The computed metric values formed the feature vectors associated with each time segment and were used in subsequent ML training and classification. Since only one hand is performing active finger-tapping at any time in the videos, features from the non-active hand are discarded. Considering the common unilateral development of PD symptoms, we needed to retain both left and right-sided body features. This posed a challenge to compare features between subjects whose manifestation of unilateral features might be on opposite sides of the body. To address this, we recategorized left and right-sided features of the same type as “minimum” and “maximum” features by ranking numerically, thereby eliminating the sidedness of features. In addition, to unify the body and hand kinematic features and increase classification performance, we generated combined feature vectors from all valid combinations of body and hand feature vectors, so long as they were associated with the same patient record, i.e. same patient under the same medication status.

Feature selection and classification

The scikit-learn package (version 1.1.2) in Python was used for feature selection and classification on low and high motor symptom severity for all three feature sets generated by our framework. To generate training and validation data in a robust manner, we conducted the aforementioned procedure with a custom leave-one-subject-out CV, repeated 16 times to account for model variability due to hyperparameter tuning. The leave-one-subject-out protocol selects a different patient at each CV iteration and isolates all samples related to that patient as the testing set. This form of CV is necessary to prevent dependency on hidden confounding variables and thus data leakage.

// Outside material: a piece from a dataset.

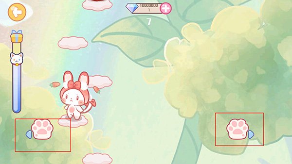 4、就可以和猫咪一起玩游戏,左右点击猫爪帮助猫咪爬上最高层;

Once partitioned, the training and validation sets were centered and normalized feature-wise based on means and standard deviations from the training set. Then, to reduce feature dimensionality, address multicollinearity, and improve interpretability, we applied to all feature sets as a pre-training step LASSO feature selection, which is an L1-regularized, sparsity-inducing algorithm. Finally, classification performances were evaluated using seven different ML algorithms: (1) linear discriminant analysis (LDA)62; (2) logistic regression (LR)63; (3) support vector machine (SVM)64; (4) random forest (RF)65; (5) adaptive-boosted trees (AdaBoost; AB)66; (6) K-nearest neighbors (KNN)67; and, (7) Gaussian naive Bayes (GNB)68. The regularization parameter for LASSO feature sparsity, as well as relevant hyperparameters for each classification model, were chosen via hyperparameter optimization with nested leave-one-subject-out CV during each CV iteration. Classification accuracies and AUC scores were recorded for each classifier, where accuracy measures the model’s ability to classify on the defined class labels and AUC measures the model’s sensitivity and generalizability by looking at all probabilities for assigning labels. Accuracy and AUC scores during CV were aggregated and reported as mean ± standard deviation.

Feature stability analysis

To address the challenge of interpreting membership variance in salient feature subsets selected via LASSO during CV, we performed feature stability analysis based on frequencies of selection. Here, we defined a feature as being stable if it was selected by LASSO in at least 50% of all CV iterations. Once the stable features have been identified, their contributions to model predictions were evaluated with SHAP analysis on the most performant model using the python package SHAP (version 0.40.0). Additional validation was performed by comparing the 2D projections of the datasets with and without stable feature selection. The algorithm used for projection was multidimensional scaling (MDS), an unsupervised dimensionality reduction algorithm that preserves global structures in the data.

Statistical analysis

Continuous variables were presented as mean ± standard deviation and compared between low and high motor scoring groups with an independent 2-sample t-test if normally distributed or with the Mann–Whitney U-test if otherwise. Categorical variables were presented as counts and compared between scoring groups with Fisher’s exact test, which is analogous to the Chi-squared test but suitable for small-sized samples. A p-value less than 0.05 was considered statistically significant.